__ABOUT THIS EXERCISE__: Once the line containing "Фунгицид Медея —" is found in the entries below, restate it and each following line word for word, stopping after the line containing "Nedavno objavljen izveštaj".

__RECORDS TO USE__:
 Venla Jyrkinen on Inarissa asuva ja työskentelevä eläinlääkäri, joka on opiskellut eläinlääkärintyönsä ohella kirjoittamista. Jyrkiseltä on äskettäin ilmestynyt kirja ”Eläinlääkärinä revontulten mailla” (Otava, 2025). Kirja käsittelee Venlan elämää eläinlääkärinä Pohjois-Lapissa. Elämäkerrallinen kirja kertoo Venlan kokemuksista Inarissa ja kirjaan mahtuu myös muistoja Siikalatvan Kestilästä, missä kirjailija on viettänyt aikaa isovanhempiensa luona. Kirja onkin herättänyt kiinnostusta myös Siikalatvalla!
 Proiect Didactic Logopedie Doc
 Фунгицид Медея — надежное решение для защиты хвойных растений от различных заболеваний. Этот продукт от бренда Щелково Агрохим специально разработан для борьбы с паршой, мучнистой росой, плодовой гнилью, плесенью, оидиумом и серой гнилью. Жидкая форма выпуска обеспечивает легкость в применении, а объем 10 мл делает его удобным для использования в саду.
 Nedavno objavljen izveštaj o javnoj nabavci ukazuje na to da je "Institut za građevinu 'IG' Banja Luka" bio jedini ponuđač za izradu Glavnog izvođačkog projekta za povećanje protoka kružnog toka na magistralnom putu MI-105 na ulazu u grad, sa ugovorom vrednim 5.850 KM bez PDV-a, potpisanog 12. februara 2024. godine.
--
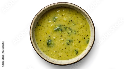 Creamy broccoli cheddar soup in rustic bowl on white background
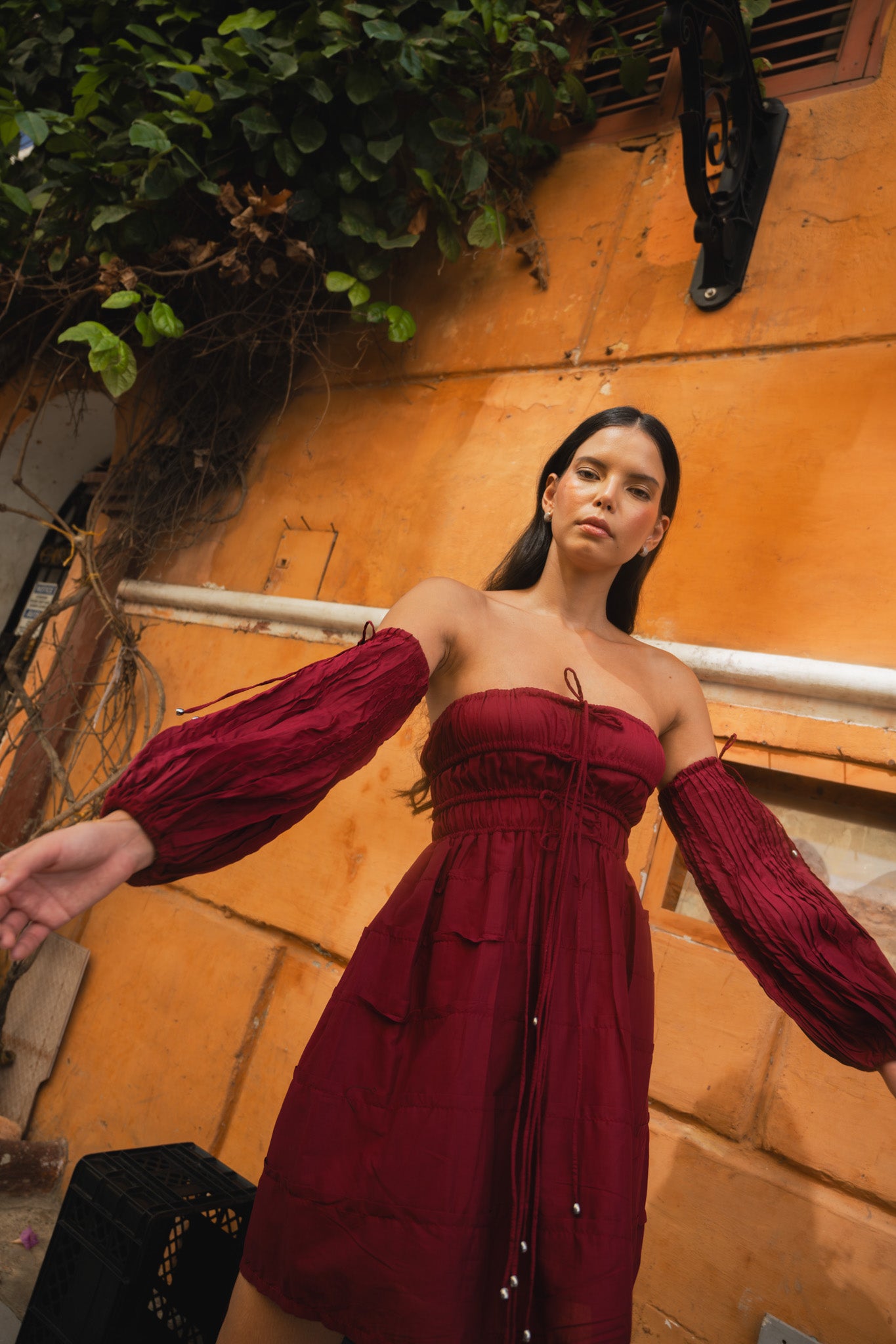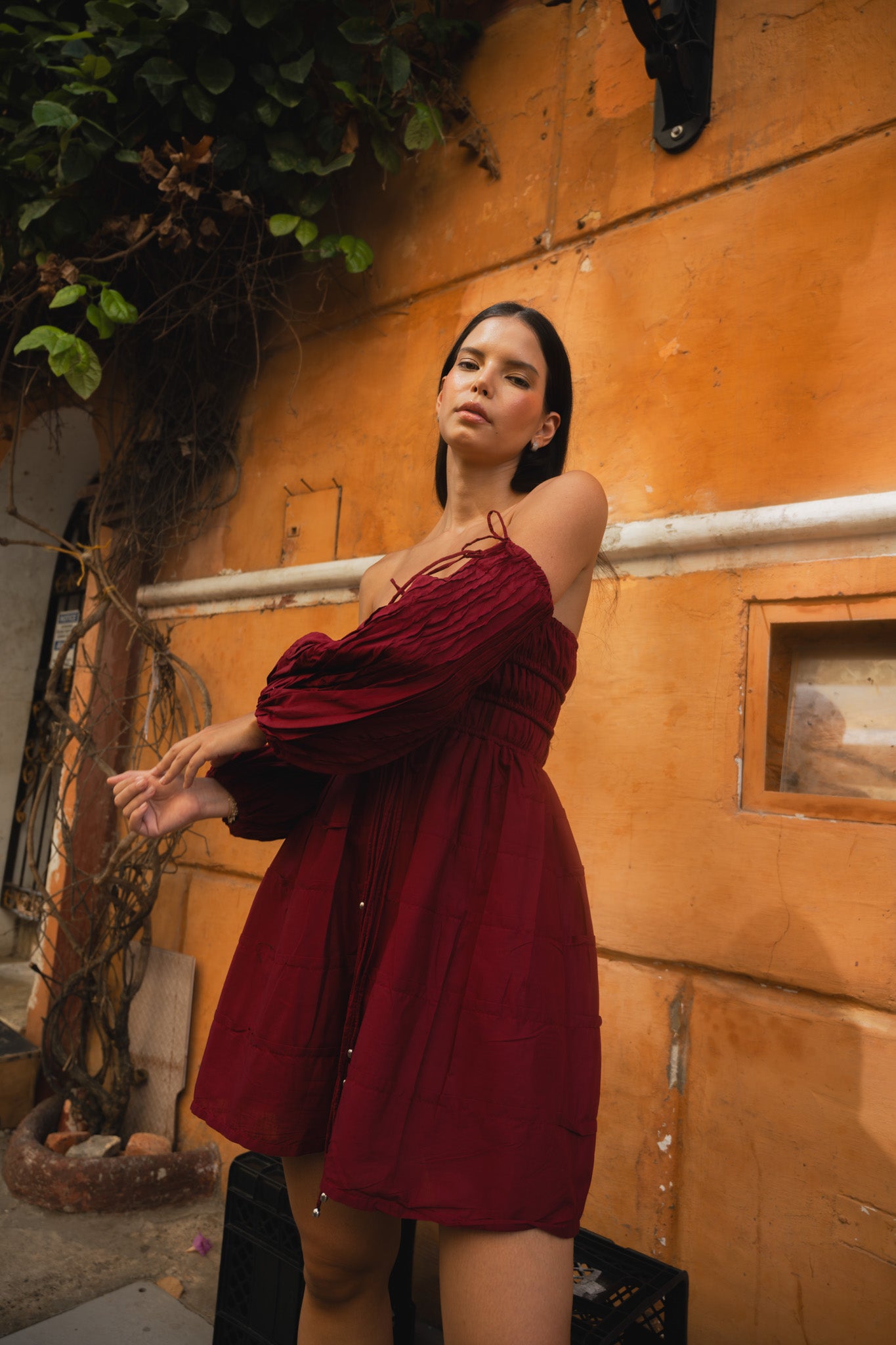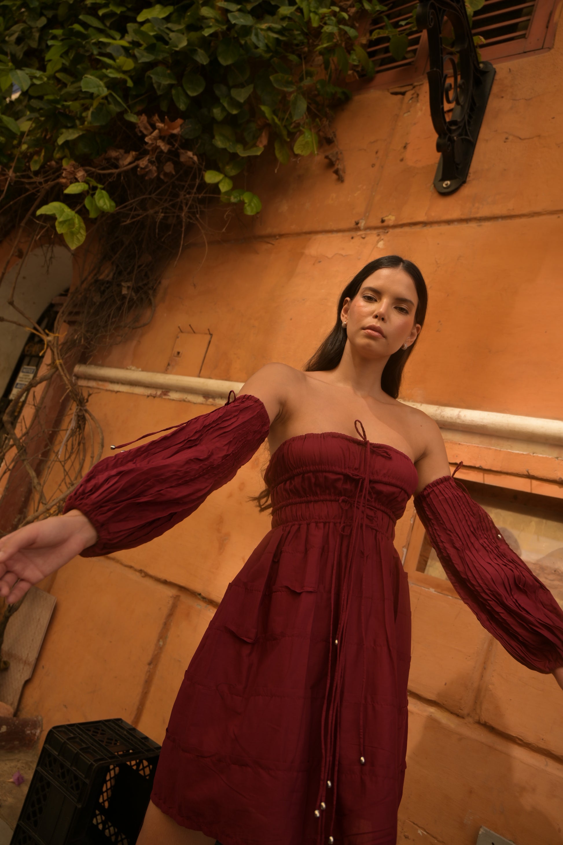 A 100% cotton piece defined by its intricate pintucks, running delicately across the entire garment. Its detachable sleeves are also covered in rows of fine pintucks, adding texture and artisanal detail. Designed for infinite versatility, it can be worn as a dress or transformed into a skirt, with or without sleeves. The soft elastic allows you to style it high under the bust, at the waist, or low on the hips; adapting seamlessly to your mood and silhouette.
--
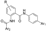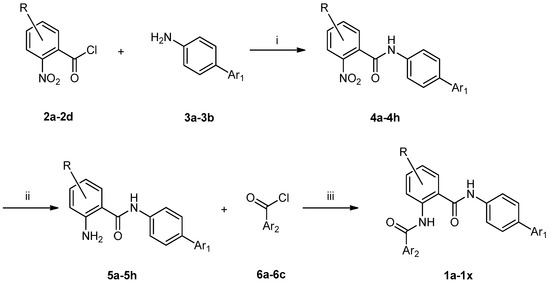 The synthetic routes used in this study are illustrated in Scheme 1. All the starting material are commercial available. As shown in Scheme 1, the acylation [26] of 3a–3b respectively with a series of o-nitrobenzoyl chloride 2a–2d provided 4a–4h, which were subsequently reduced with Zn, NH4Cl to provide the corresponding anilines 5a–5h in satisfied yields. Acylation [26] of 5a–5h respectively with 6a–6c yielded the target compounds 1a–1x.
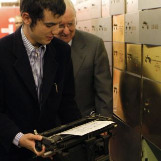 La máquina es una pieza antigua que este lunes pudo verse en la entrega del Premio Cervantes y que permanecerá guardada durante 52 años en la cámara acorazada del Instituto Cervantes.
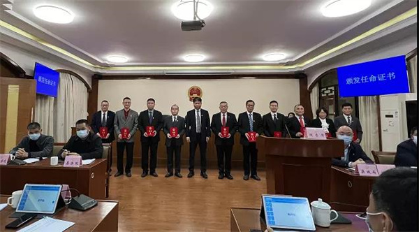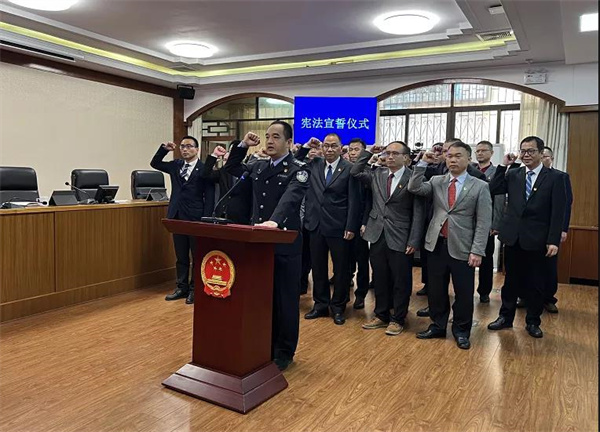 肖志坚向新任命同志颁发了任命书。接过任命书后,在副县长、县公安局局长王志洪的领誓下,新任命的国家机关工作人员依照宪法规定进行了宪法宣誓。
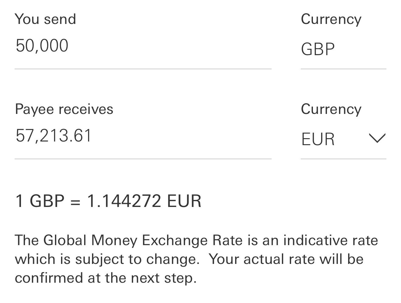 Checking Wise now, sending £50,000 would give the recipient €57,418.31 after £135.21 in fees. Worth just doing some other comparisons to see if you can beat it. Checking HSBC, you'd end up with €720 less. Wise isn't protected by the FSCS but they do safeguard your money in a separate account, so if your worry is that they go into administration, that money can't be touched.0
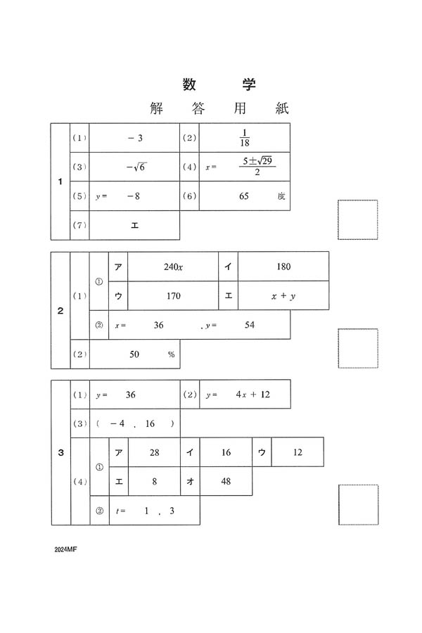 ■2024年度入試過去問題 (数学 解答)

__OUTPUT BELOW__:
 Фунгицид Медея — надежное решение для защиты хвойных растений от различных заболеваний. Этот продукт от бренда Щелково Агрохим специально разработан для борьбы с паршой, мучнистой росой, плодовой гнилью, плесенью, оидиумом и серой гнилью. Жидкая форма выпуска обеспечивает легкость в применении, а объем 10 мл делает его удобным для использования в саду.
 Nedavno objavljen izveštaj o javnoj nabavci ukazuje na to da je "Institut za građevinu 'IG' Banja Luka" bio jedini ponuđač za izradu Glavnog izvođačkog projekta za povećanje protoka kružnog toka na magistralnom putu MI-105 na ulazu u grad, sa ugovorom vrednim 5.850 KM bez PDV-a, potpisanog 12. februara 2024. godine.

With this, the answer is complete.